PS 88-235 - How common and acceptable are questionable research practices in ecology and evolution?

Friday, August 11, 2017
Exhibit Hall, Oregon Convention Center
Fiona Fidler1, Tim Parker2, Shinichi Nakagawa3, Ashley Barnett4, Hannah Fraser4 and Steve Kambouris4, (1)School of BioSciences, University of Melbourne, Melbourne, Australia, (2)Whitman College, (3)The University of New South Wales, (4)The University of Melbourne
Background/Question/Methods

Questionable Research Practices (QRPs) are research practices that aren’t quite scientific misconduct, and definitely aren’t fraud, but are arguably undesirable, such as only reporting conditions that showed a statistically significant result, stopping data collection once a desired result was reached, deciding to exclude data because it would help achieve the desired results, and reporting an unexpected finding as being predicted from the start. These practices can seriously distort the false positive rate in the literature and lead to irreproducible results.
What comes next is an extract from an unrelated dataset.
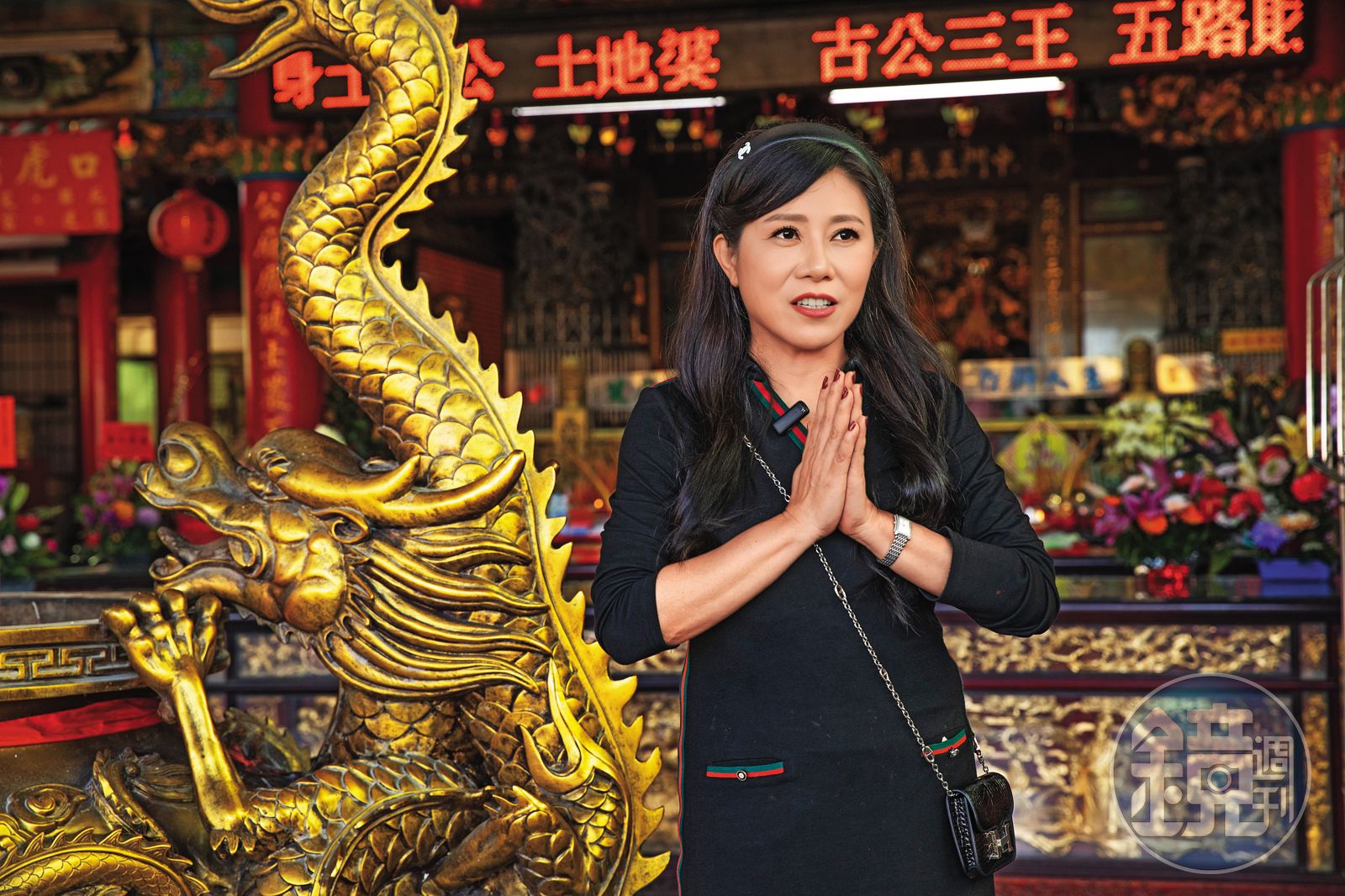 12層樓高的金身土地公,小彤站在公婆家中庭院就能與祂對望,彷彿一直被庇蔭著。回憶十多年前草創公關公司過程艱辛,小彤從公婆家轉個彎走進廟裡,「我合掌祈求土地公保佑我賺錢,賺了錢一定捐錢做公益。」沒想到,回台北的隔月,公司廣告代理業務當月營業額,竟衝破千萬元創新高,超狂業績也令同業嘖嘖稱奇。
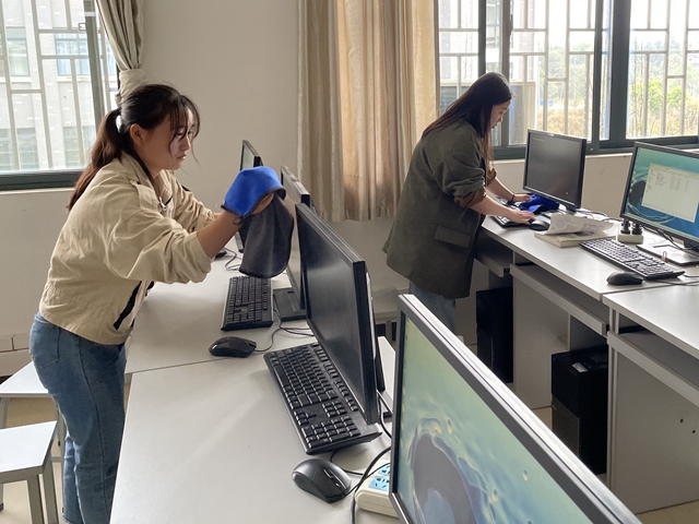 我院分团委学生会的同学们有序集合在教学楼下,分配好工作任务并分发劳动工具,依次前往分配好的学院教学行政办公室、辅导员办公室以及实验室2308、2310、2210进行仔细打扫,同学们在打扫过程中认真负责,不放过每个死角,卷起衣袖,认真擦拭窗户,清理杂物。在同学们的通力合作下,实验室和办公室变得干净整洁,本次清洁活动圆满完成。

We are undertaking a survey of researchers in ecology and evolution who have published in leading journals. Our survey concerns 10 QRPs, asking researchers whether they have engaged in a practice, whether others they know have, and whether they thought the practice was acceptable. We offered space for open-ended defences of each practice. We currently have ~400 responses and expect up to 600 by the August ESA meeting.

Results/Conclusions
Here are our preliminary results. Below are the QRPs we asked about, followed by the percentage of respondents who said that they had used this QRP at least once, and the percentage of respondents who said that it was acceptable at least some of the time.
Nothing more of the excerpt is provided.